Отец стряхнул с себя оцепенение, поднялся, вытащил из кармана трубку и обычным тоном бросил:
— Гляди-ка! Матье зайца на Нижнем лугу гонит.
Прошло два года. Я не отдавал себе отчета, что отец уже стар, гораздо старше, чем отцы у других ребят. Он все чаще вставал по ночам, и я слышал бульканье воды и перешептывание, после чего, по утрам вид у него был утомленный. За столом мать придвигала к мужу картонную коробочку и напоминала:
— Не забудь принять таблетку.
Наконец однажды, когда я был в школе, в класс вошел папаша Куртуа, один из наших соседей, и о чем-то вполголоса заговорил с учителем. Оба поглядывали на меня.
— Дети, прошу вас, посидите спокойно… Алавуан, мальчик мой, выйди со мною во двор.
Было лето. Камни двора нагрелись. Под окнами цвели махровые розы.
— Послушай, Шарль…
Старый Куртуа уже стоял у ворот и ждал, прислонясь спиной к кованой чугунной ограде. Учитель, как когда-то отец, обнял меня за плечи. В голубом, очень голубом небе заливались жаворонки.

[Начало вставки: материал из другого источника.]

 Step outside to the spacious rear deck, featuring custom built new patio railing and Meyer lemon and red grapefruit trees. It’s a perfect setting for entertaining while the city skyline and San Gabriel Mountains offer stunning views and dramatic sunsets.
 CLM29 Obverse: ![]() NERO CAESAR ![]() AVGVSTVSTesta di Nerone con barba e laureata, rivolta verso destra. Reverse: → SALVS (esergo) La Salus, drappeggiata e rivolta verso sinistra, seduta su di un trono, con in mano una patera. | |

— Ты ведь уже мужчина, верно, Шарль? И, по-моему, очень любишь свою маму. Так вот, ты должен ее любить еще больше: теперь ты ей особенно нужен…

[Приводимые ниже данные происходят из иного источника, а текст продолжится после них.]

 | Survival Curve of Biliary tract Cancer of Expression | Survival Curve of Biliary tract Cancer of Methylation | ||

Еще до последней фразы я все понял. И хотя раньше я просто не представлял себе, как это мой отец может умереть, я без труда представил его себе мертвым: вытянулся во весь рост и лежит под стогом, как в тот сентябрьский вечер два года назад.
Я не плакал, господин следователь, как не плакал и на суде. Жаль, журналисты не знают: они усмотрели бы в этом повод лишний раз сравнить меня со скользкой жабой! Я не плакал, но мне казалось, в жилах моих иссякла кровь, и когда старик Куртуа за руку повел меня к себе, я шел как пьяный, и мир вокруг тоже качался, как пьяный.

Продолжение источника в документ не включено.